RECORDS SUPPLIED:
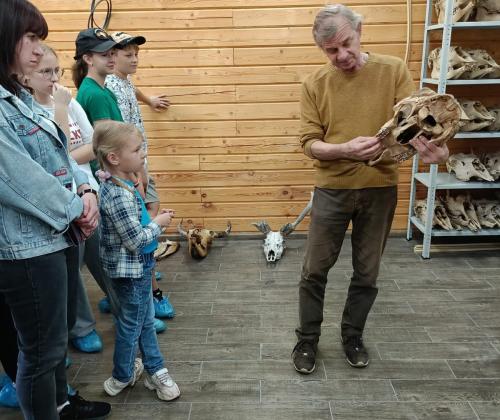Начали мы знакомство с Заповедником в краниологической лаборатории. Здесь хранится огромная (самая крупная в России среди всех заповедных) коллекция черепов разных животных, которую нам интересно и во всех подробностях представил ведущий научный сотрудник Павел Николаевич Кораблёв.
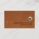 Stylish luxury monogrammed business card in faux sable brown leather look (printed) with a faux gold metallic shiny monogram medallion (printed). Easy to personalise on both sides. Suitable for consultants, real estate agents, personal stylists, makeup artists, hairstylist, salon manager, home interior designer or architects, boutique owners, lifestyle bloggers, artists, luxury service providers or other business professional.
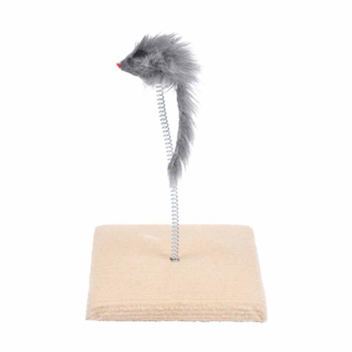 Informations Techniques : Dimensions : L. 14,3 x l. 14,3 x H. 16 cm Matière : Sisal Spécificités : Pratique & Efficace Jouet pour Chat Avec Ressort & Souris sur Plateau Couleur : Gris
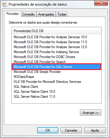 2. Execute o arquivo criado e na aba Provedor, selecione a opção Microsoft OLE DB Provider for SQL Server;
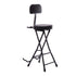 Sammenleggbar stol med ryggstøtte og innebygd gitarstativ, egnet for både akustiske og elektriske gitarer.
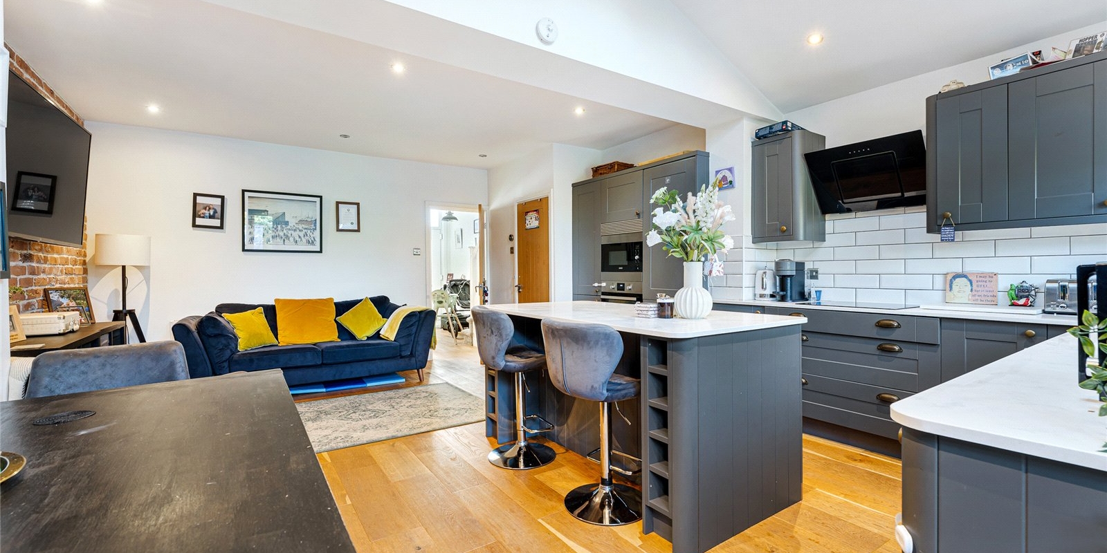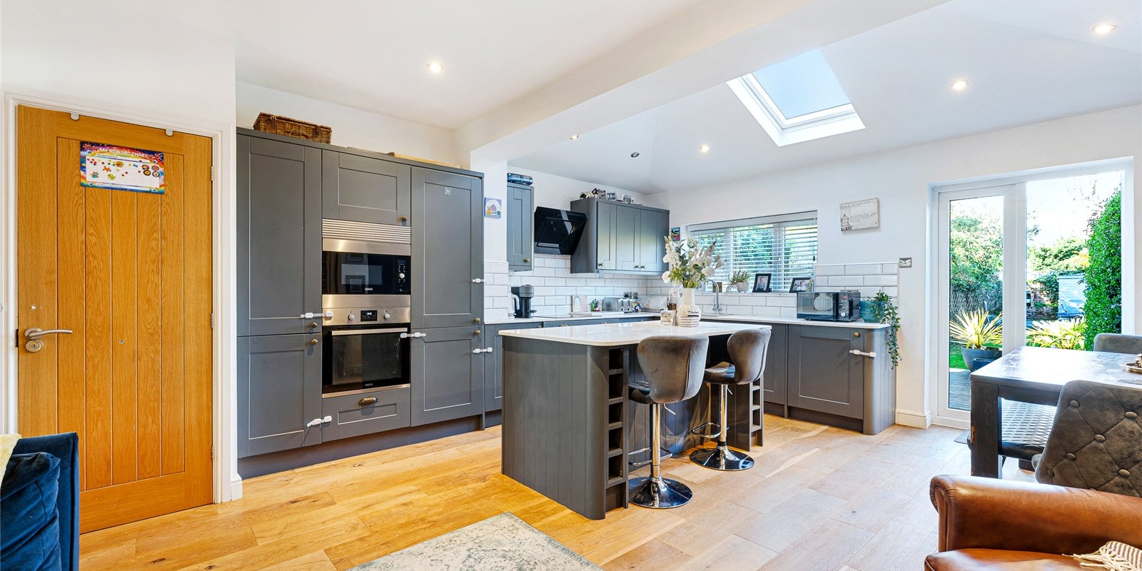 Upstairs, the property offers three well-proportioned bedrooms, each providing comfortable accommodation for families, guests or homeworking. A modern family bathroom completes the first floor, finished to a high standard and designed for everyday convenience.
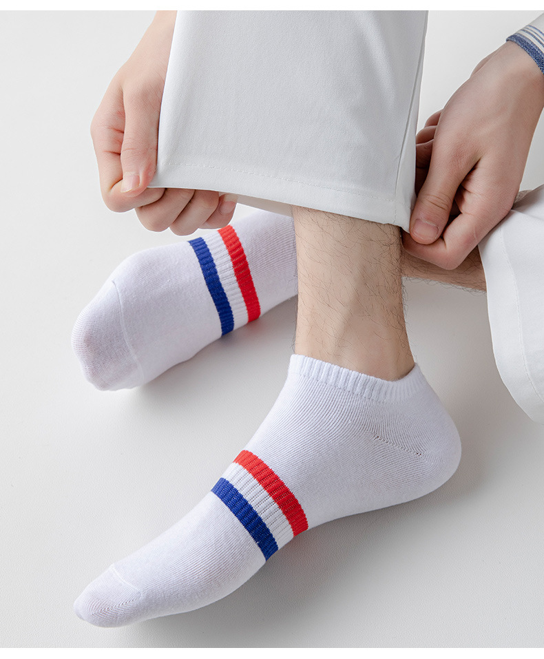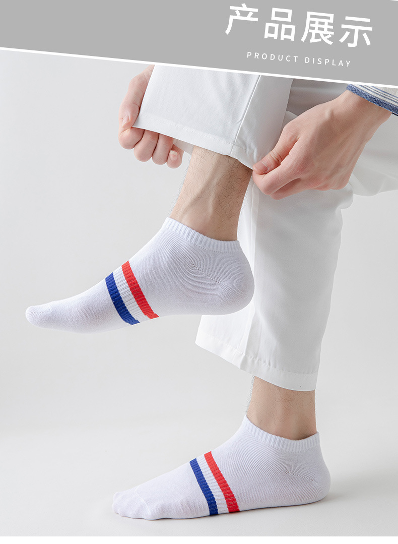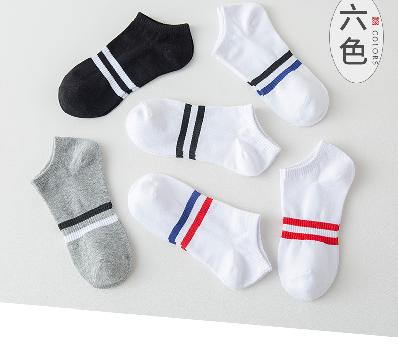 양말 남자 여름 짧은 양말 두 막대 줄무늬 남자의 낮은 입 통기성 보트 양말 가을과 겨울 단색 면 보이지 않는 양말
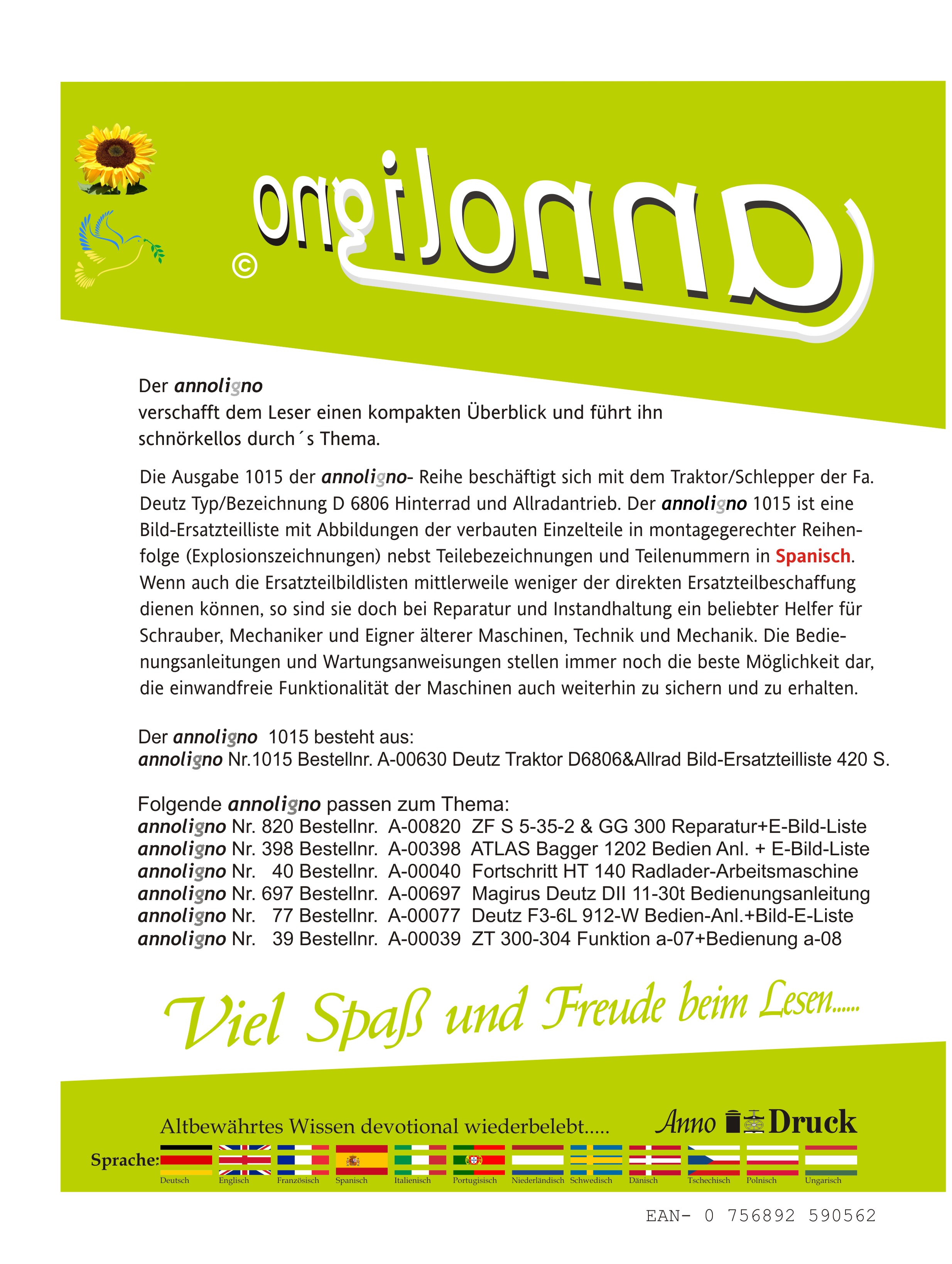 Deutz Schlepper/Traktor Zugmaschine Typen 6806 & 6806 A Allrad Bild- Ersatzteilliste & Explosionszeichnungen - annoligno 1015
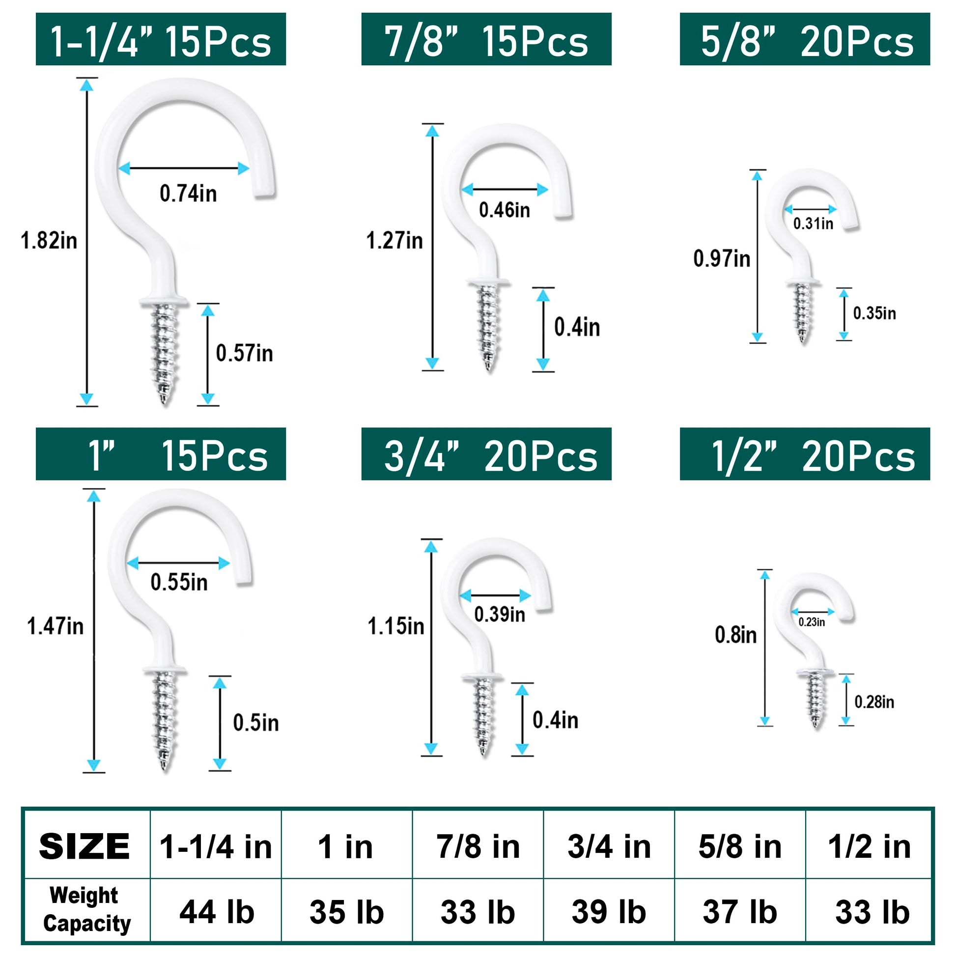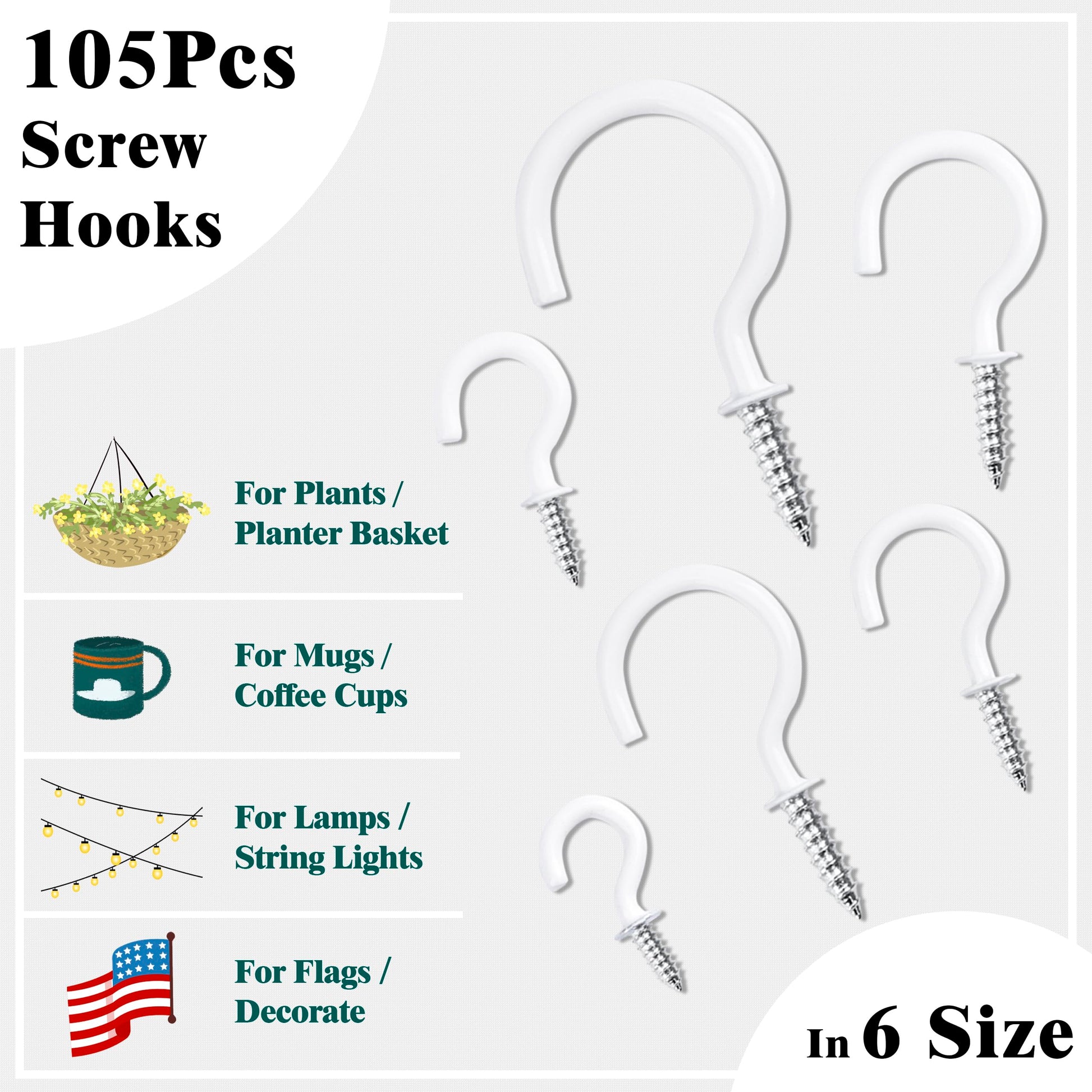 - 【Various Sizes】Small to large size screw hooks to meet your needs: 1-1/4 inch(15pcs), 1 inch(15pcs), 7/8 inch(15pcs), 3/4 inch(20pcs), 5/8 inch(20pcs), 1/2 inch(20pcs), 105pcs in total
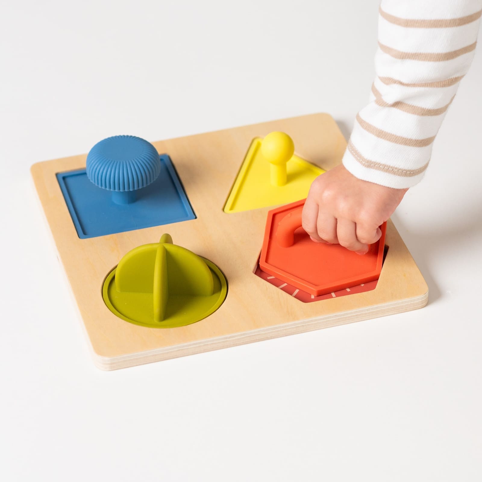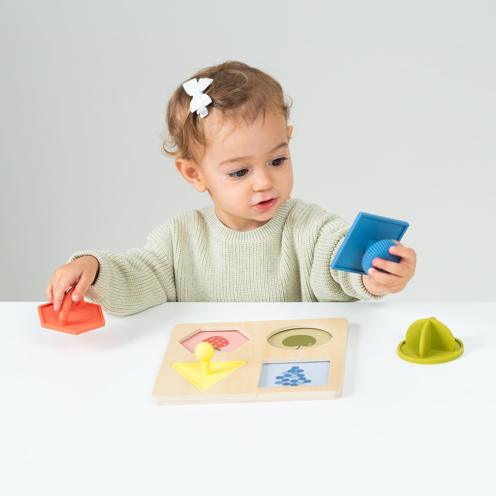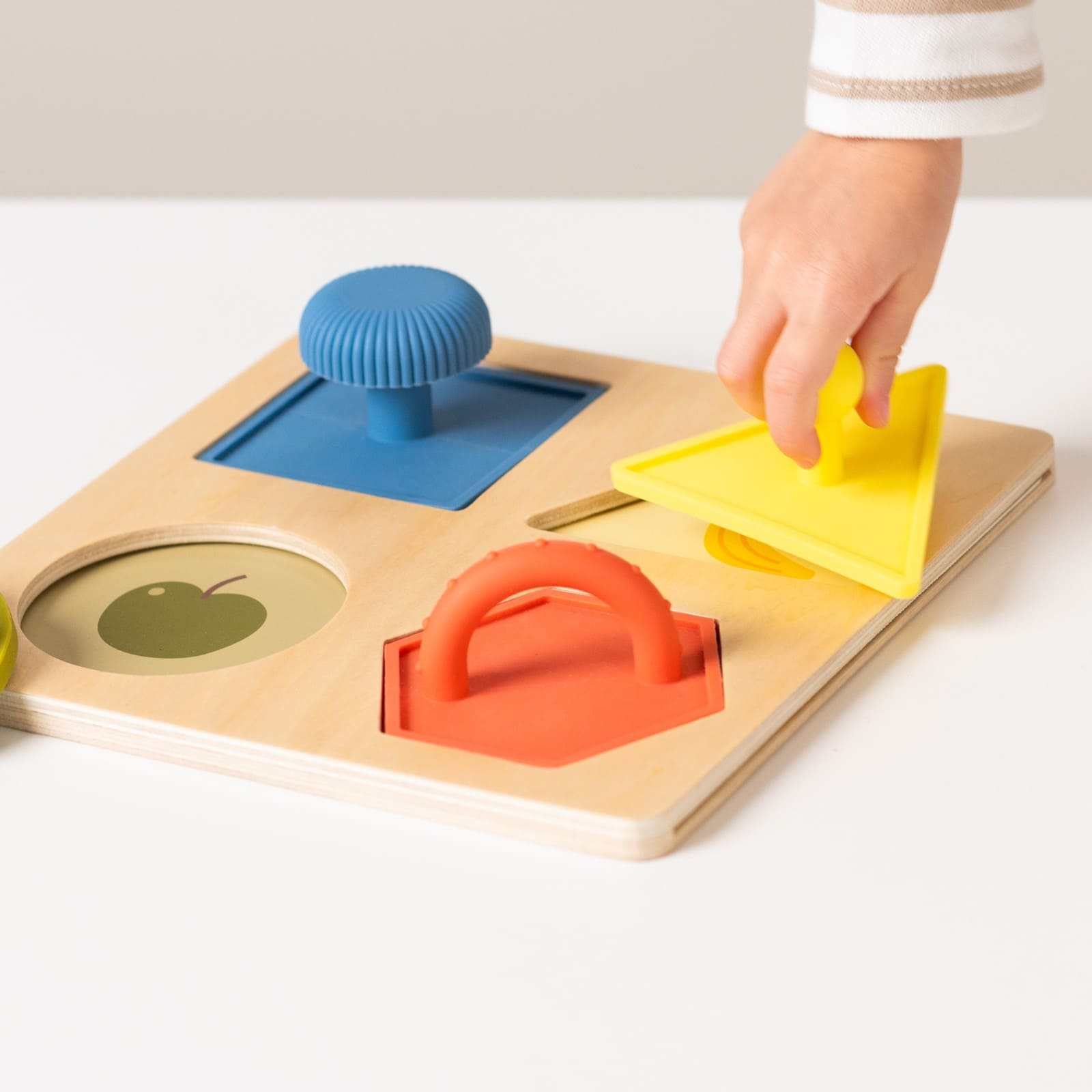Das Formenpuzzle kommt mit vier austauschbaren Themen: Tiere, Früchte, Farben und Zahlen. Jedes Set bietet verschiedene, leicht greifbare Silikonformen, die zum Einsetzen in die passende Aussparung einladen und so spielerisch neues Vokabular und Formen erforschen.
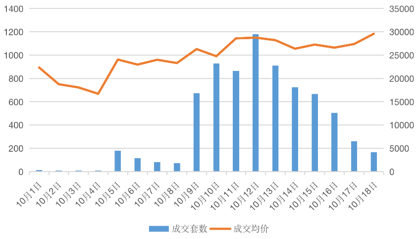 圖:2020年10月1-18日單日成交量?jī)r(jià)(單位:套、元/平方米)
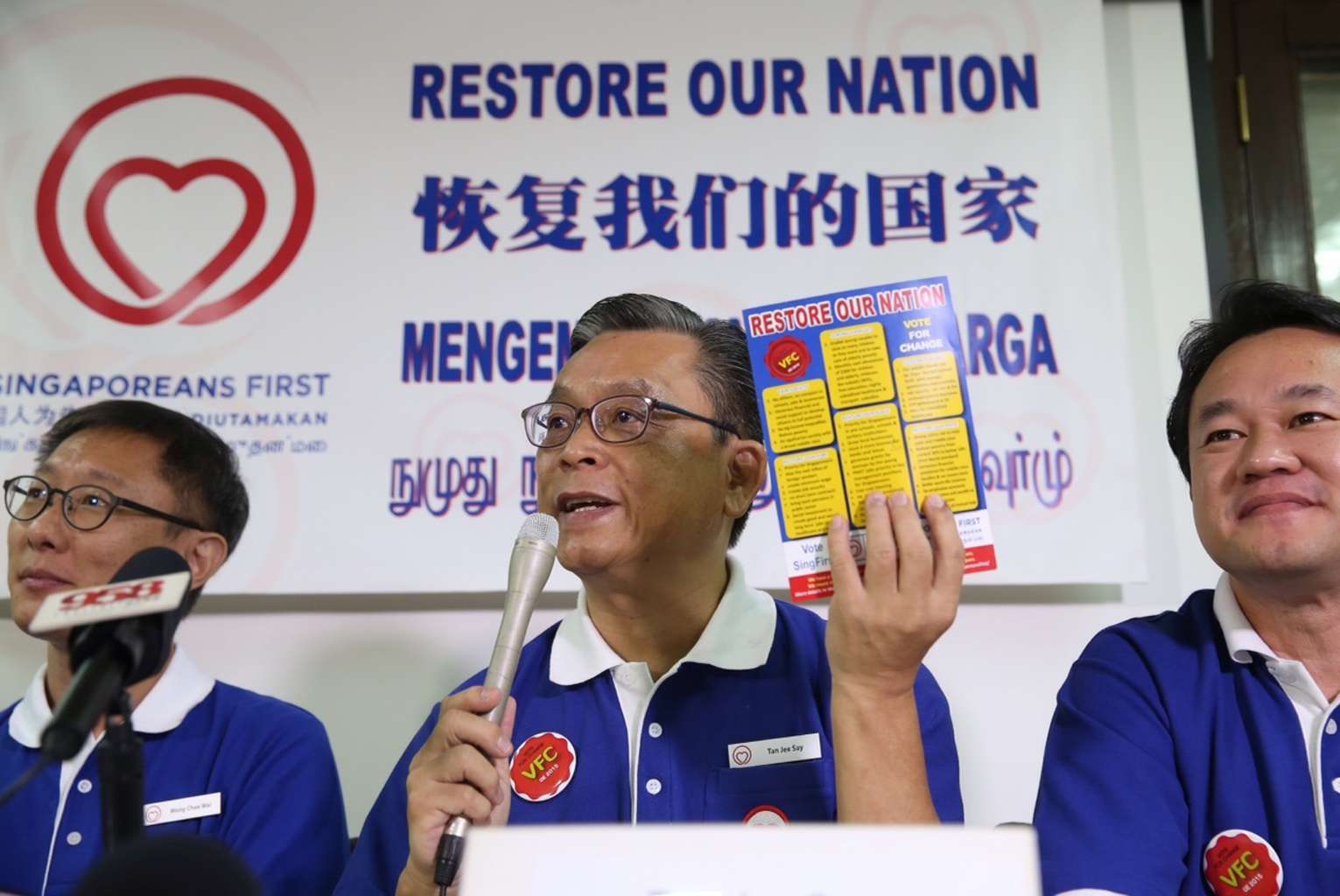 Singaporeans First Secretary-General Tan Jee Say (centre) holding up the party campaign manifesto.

WORK REQUEST:
This task calls for the lines from the line containing "Informations Techniques : Dimensions" through the end of the listing, set down exactly and only, with pictures omitted.

FINISHED EXERCISE:
 Informations Techniques : Dimensions : L. 14,3 x l. 14,3 x H. 16 cm Matière : Sisal Spécificités : Pratique & Efficace Jouet pour Chat Avec Ressort & Souris sur Plateau Couleur : Gris
 2. Execute o arquivo criado e na aba Provedor, selecione a opção Microsoft OLE DB Provider for SQL Server;
 Sammenleggbar stol med ryggstøtte og innebygd gitarstativ, egnet for både akustiske og elektriske gitarer.
 Upstairs, the property offers three well-proportioned bedrooms, each providing comfortable accommodation for families, guests or homeworking. A modern family bathroom completes the first floor, finished to a high standard and designed for everyday convenience.
 양말 남자 여름 짧은 양말 두 막대 줄무늬 남자의 낮은 입 통기성 보트 양말 가을과 겨울 단색 면 보이지 않는 양말
 Deutz Schlepper/Traktor Zugmaschine Typen 6806 & 6806 A Allrad Bild- Ersatzteilliste & Explosionszeichnungen - annoligno 1015
 - 【Various Sizes】Small to large size screw hooks to meet your needs: 1-1/4 inch(15pcs), 1 inch(15pcs), 7/8 inch(15pcs), 3/4 inch(20pcs), 5/8 inch(20pcs), 1/2 inch(20pcs), 105pcs in total
Das Formenpuzzle kommt mit vier austauschbaren Themen: Tiere, Früchte, Farben und Zahlen. Jedes Set bietet verschiedene, leicht greifbare Silikonformen, die zum Einsetzen in die passende Aussparung einladen und so spielerisch neues Vokabular und Formen erforschen.
 圖:2020年10月1-18日單日成交量?jī)r(jià)(單位:套、元/平方米)
 Singaporeans First Secretary-General Tan Jee Say (centre) holding up the party campaign manifesto.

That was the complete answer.